In Memory escrita por Peter
Apertada.
Sem dúvida alguma a gravata estava apertada, qual era o problema da minha mãe?
O salão ao lado do cemitério não poderia estar mais melancólico, afinal, um corpo estava sendo velado. De quem é o corpo? Bem, é difícil falar. Claire era uma pessoa intrigante. Muitas vezes fechada, com tantos mistérios, conseguia me prender ao ler suas poesias favoritas. E seu sorriso, ah! O sorriso...
Afastei a gravata com os dedos mais uma vez. Era um dia quente, de sol forte. Parecia que o universo estava alegre com a morte dela. Ao esperar a fila de pessoas que prestavam seus pêsames para a família de Claire, pelo menos o que sobrou dela, pude ver pela janela a minha esquerda que pássaros cantavam, borboletas voavam entre as flores das sepulturas e pessoas passavam em frente ao portão do cemitério sem ao menos olhar para o lado, como se não se importassem. E porque deveriam? O salão estava cheio de pessoas que nem eu mesmo sabia existir na vida de Claire, quiçá se importar com ela. Mas agora todos choravam. Todos soluçavam. Todos lamentavam e sentiam muito pela perda da Senhora Verna, avó de Claire. Minha família e eu seguimos salão adentro. Sra. Verna quase não conseguia falar. Não sei como seria sua vida a partir de agora, sem a neta, sem o marido.
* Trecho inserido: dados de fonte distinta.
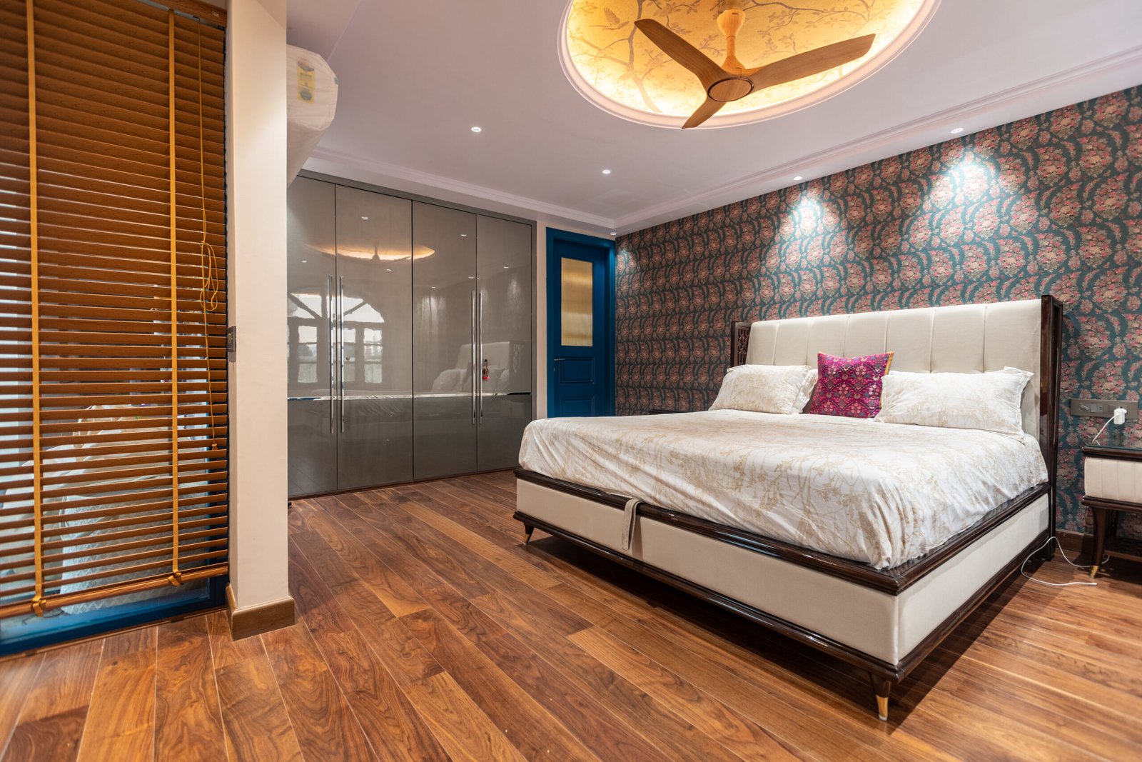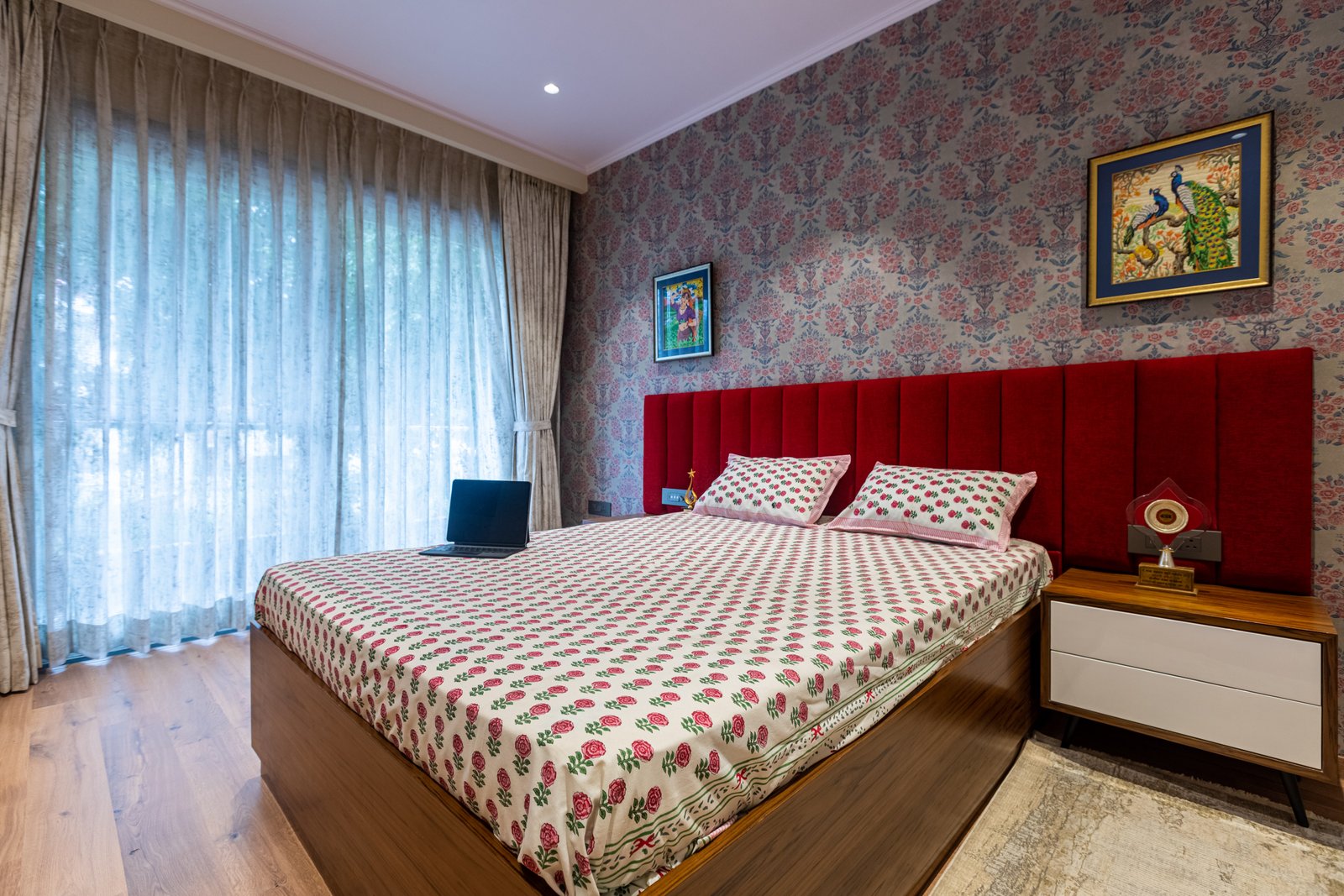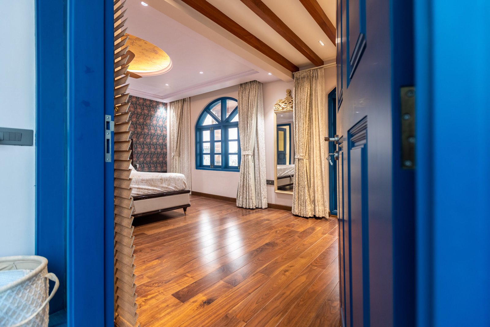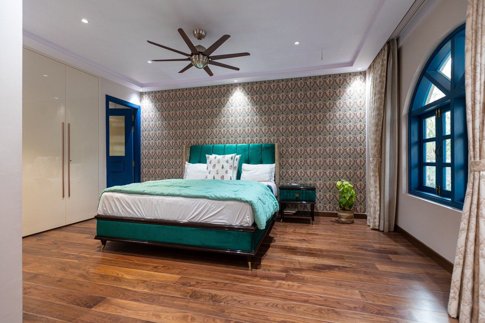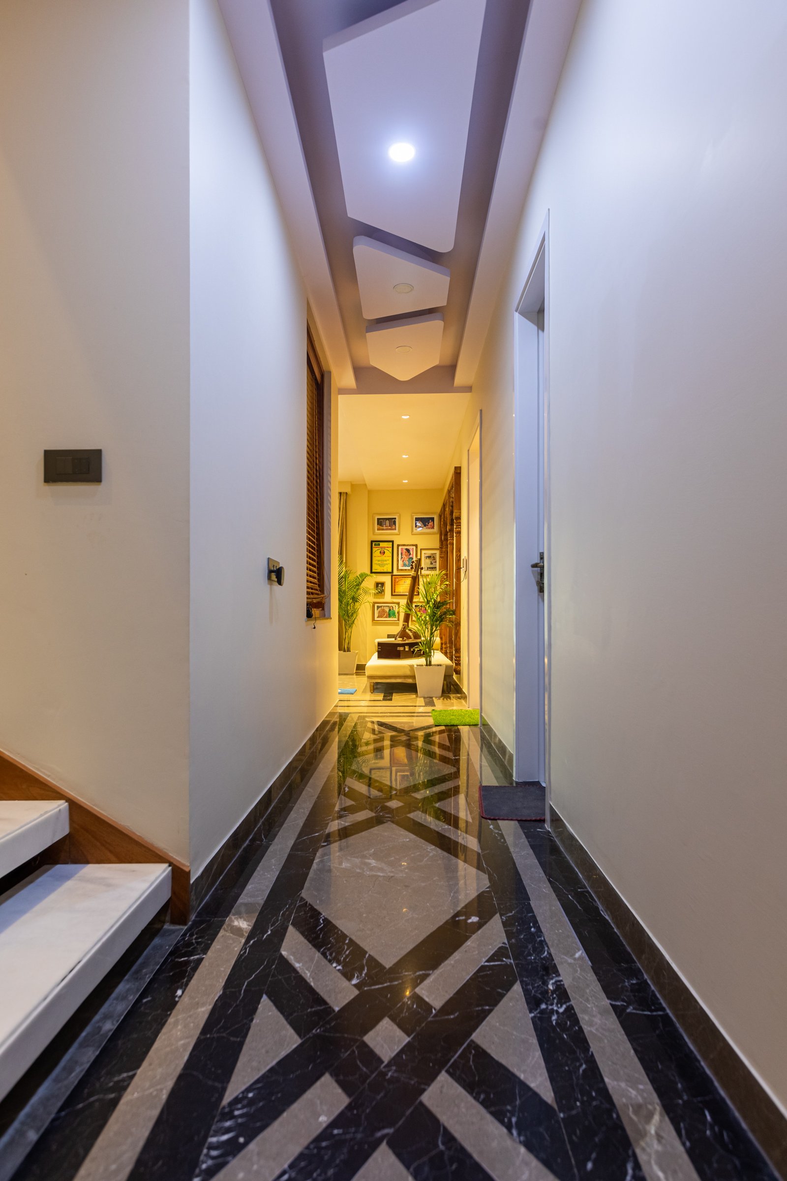 Modern Abode is a home that brings the soul of Benares into the heart of Gurugram. Spread across 18,000 sq ft in the quiet lanes of DLF Phase IV, this residence is a poetic dialogue between cultural heritage and contemporary living. Bespoke teakwood arches reminiscent of Rajasthan forts frame the riaaz area, while paintings of ghats and Tanjore by the homeowner add a deeply personal legacy of Indian artistry. Natural materials—stone, lime plaster, warm wood, cotton, silk, and wool—anchor the design, creating an atmosphere that feels both grounded and luxurious. It is a home where heritage is not preserved as nostalgia but lived in with serenity and belonging

Meus pais a cumprimentaram com beijos no rosto e palavras consoladoras.
- Ah! Querido, você veio também – Disse Verna esticando os braços para me abraçar. Sua maquiagem estava borrada e ela segurava um lenço azul bebe encharcado na mão direita. Abaixei-me para abraça-la.
- Sra. Verna, eu sinto muito, sinto muito mesmo – Fechei os olhos. Não sabia o que dizer, exatamente. Mas acho que ninguém sabe o que dizer em situações de pós-morte.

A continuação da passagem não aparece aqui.